We had to bring down the next batch of cells which were scheduled to arrive at home on Friday afternoon, so Steve and Matt got to go home with a two loads of bees from McCallums field which was by now now finishing off blooming.  We are also receiving some Hawaiian queens and they were to bring them down too in case the cells were a disaster and we needed them.

We were able to divide 600 colonies today and 540 yesterday, using three crews of two men each.  That is a count of the hives in the yards.  Not all hives could be split, so the result was more like 420 divides from the 600 and 378 from the 540.

Friday July 21st, 2000

Sunny. Low 10. High 28.

Matt & Steve pulled out around 4:30.  I was up to see them off, then went back to bed for a while.

Around nine, I set out to check the divides we had made previously and the cells that we had installed.  It was now late enough to see if the emergence was good or if we would have to use the new batch of cells coming later today to replace failed cells.  We had some mated queens too, to ensure we did not run short.
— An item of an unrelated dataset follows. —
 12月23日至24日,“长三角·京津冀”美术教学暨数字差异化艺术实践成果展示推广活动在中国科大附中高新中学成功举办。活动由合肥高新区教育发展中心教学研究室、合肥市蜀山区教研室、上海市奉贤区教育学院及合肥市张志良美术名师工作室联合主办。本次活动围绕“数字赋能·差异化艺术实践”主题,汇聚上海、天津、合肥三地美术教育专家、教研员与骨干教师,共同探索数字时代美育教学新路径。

At 10:30, I checked Mel's SW location and found that of the 16 Buckfast cells from Meijers installed Wednesday 2 had not emerged.  At Mel's SW, I looked at the crop near the bee hives and saw 10 bees per square yard in the female flowers and 2 per yd^2 in the males.  No cells had yet been installed there.  No leafcutters were to be seen in the crop, even though I was near a tent.
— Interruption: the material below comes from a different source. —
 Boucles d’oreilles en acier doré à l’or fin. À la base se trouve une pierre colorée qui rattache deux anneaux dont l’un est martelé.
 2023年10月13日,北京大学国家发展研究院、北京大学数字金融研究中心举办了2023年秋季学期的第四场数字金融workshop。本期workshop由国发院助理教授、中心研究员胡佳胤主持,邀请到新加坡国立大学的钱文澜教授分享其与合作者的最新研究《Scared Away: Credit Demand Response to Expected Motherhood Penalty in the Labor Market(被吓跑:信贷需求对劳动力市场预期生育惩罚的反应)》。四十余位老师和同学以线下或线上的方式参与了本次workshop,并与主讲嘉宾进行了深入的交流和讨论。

A leafcutter tentInside the tentInside the tent
Leafcutters are small solitary bees that are used to pollinate alfalfa crops and have proven useful for hybrid canola.  They are purchased as cocoons and hatched in trays in the tents (top right).  They stay close to home and build nests in the Styrofoam blocks seen in the photos and pack them with leaves and pollen.  Then they lay eggs, live a while and die.  The offspring pupate in the holes in the blocks, then are harvested and stored in refrigeration until spring when the cycle repeats.

At 11:15 AM, I checked the splits at Mel's SW and found that we had 100% emergence. This was a relief and I was getting hopeful.  Now, the only question was whether the cooling had damaged the wings, but I was not too worried, since I knew of others who cooled cells to slow emergence and did not see any adverse effects. In mating nucs, I wonder how well controlled the temperatures are.

At 11:30 the second group of forty at Mel's SW showed one failure, for a total of one out of 51 being a dud in this area.  I again looked for bees in the crop and found 4 to 5 bees per yard in both male and female rows near the hives.  No leafcutters were apparent even though I was again close to a tent.  The crop was finished blooming in some spots.

I went over to a tent and noticed something interesting: There seemed to be more honey bees about forty feet from the tents than elsewhere in the fields and deduced that perhaps the honey bees were orienting to the tents and using them as markers, just as the trailers are used in alfalfa pollination in California

At 11:45, I checked a site at Mark's NE and found one cell out of 35 to be still sealed.  Near the hives, I saw from 3 to 8 bees per yard and several flies gathering nectar.  No leafcutters were to be seen except they were flying and orienting inside their tents as shown in one of the pictures above.

I then returned to the motorhome and spent the afternoon windsurfing and reading The Biology of the Honey Bee by Mark Winston in hopes of understanding what was going on with the emergence of the cells

In spite of my hopes for an early arrival of the cells, Gareth showed up around eight PM.  By then I had given up and gone for a long sail on the Lake, having figured that we would have to start early the next day.  Hopefully these cells would not as early as the others had been late.  Matt showed up later with the mated queens and we called it a day after we arranged to feed them and then chased escaped bees around the motorhome.